The Benefits of Shaping Team Culture

  • Increases Trust: trust is the biggest differentiator between high and low-performing teams. Enjoying working with coworkers and having strong relationships are vital to building a strong team culture. Being part of “a team you can trust” significantly increases engagement by eight times.

  • Increases Engagement: research shows that feeling part of a team increases engagement. Those who work mainly within a team are more than twice as likely to be fully engaged.

  • Enhances Collaboration and Innovation: Subcultures provide a safe space for experimentation – to test new ways of working that could potentially be scaled across the organization. By embracing and nurturing subcultures, your organization can improve its overarching culture and performance. Uncovering best practices within teams can lead to significant improvements across the organization.

  • Creates a Sense of Belonging: Small groups are the most important social formation because they create deep connections. Team size directly correlates with collaboration. When a team grows beyond 20 members, collaboration naturally decreases. Subcultures provide a strong sense of identity and belonging. They have their own way of doing things but still play ball with others. They align with the broader organizational direction and are open to collaboration.

  • Facilitates Faster Decision-Making: Decentralizing decision-making to the team level increases ownership and speed. When teams own their decisions, they move faster and have a stronger sense of ownership – they act like owners, not just employees. Shifting decision-making rights closer to those directly involved in the work increases ownership. With freedom comes accountability. Team members are more invested and proactive in finding solutions when they are responsible for both the solution and the results.

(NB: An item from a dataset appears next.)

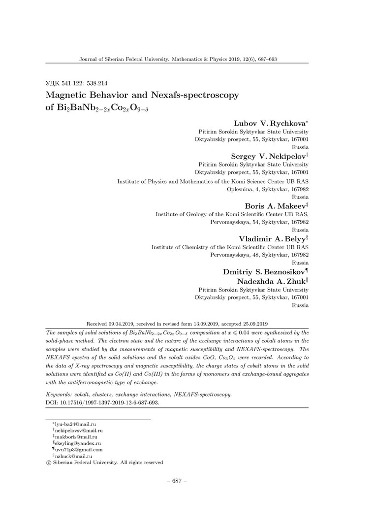 Библиографическое описание:Magnetic Behavior and Nexafs-spectroscopy of Bi[2]BaNb[2-2x]Сo[2x]O[9]?дельта = Магнитное поведение и NEXAFS-спектроскопия Bi[2]BaNb[2-2x]Сo[2x]O[9]?дельта / L. V. Rychkova [и др.]. - Текст : непосредственный // Журнал Сибирского федерального университета. Математика и физика. - 2019. - Т. 12, № 6. - С. 687-693. - Библиогр.: с. 691-692. - ISSN 1997-1397.

Team Culture Cannot Be at the Expense of Cross-Team Collaboration

While encouraging team sub-culture is crucial, it should not come at the expense of cross-team collaboration. Silos emerge when a specific team or department intentionally avoids collaborating with others. It could be driven by several reasons – from arrogant leaders to competing priorities or inconsistent behaviours. Silos happen when two teams see each other as competitors, not allies.

Subcultures provide a strong sense of identity and belonging.

They have their own way of doing things but still play ball with others. They align with the broader organizational direction and are open to collaboration.


How to Foster Collaboration Among Teams with Different Needs

Inter-team trust is a critical criterion for effective collaboration. For trust to be built between teams, both need to build behaviours and attitudes that demonstrate:

  • Integrity or doing the right thing: ensure that ethical standards and integrity are upheld across all teams to build trust with these teams.

  • Respect: acting in the best interest of the collaborators, rather than self-interest.

  • Commitment or being clear about their objectives, willing to hold each other accountable and talking pride in meeting expectations.

  • Authenticity: keeping it real and being willing to acknowledge unknows, uncertainties and failures.

  • Credibility: expertise that demonstrates capability and competence.

  • Dependability: knowing that they have each other’s backs and can be relied on to what they say they will do.

  • Transparency: being open to new ideas, feedback and willingly sharing information and insights.

  • Candor: being willing to confront and challenge honestly and in ways that build rather than break relationships.

  • Inclusion: being invited to each other’s tables and having a voice there. Being included in their thinking minimises the possibility of setting teams up for failure.

 

By focusing on these strategies, organisations can foster a culture of collaboration while still nurturing the unique subcultures within each team.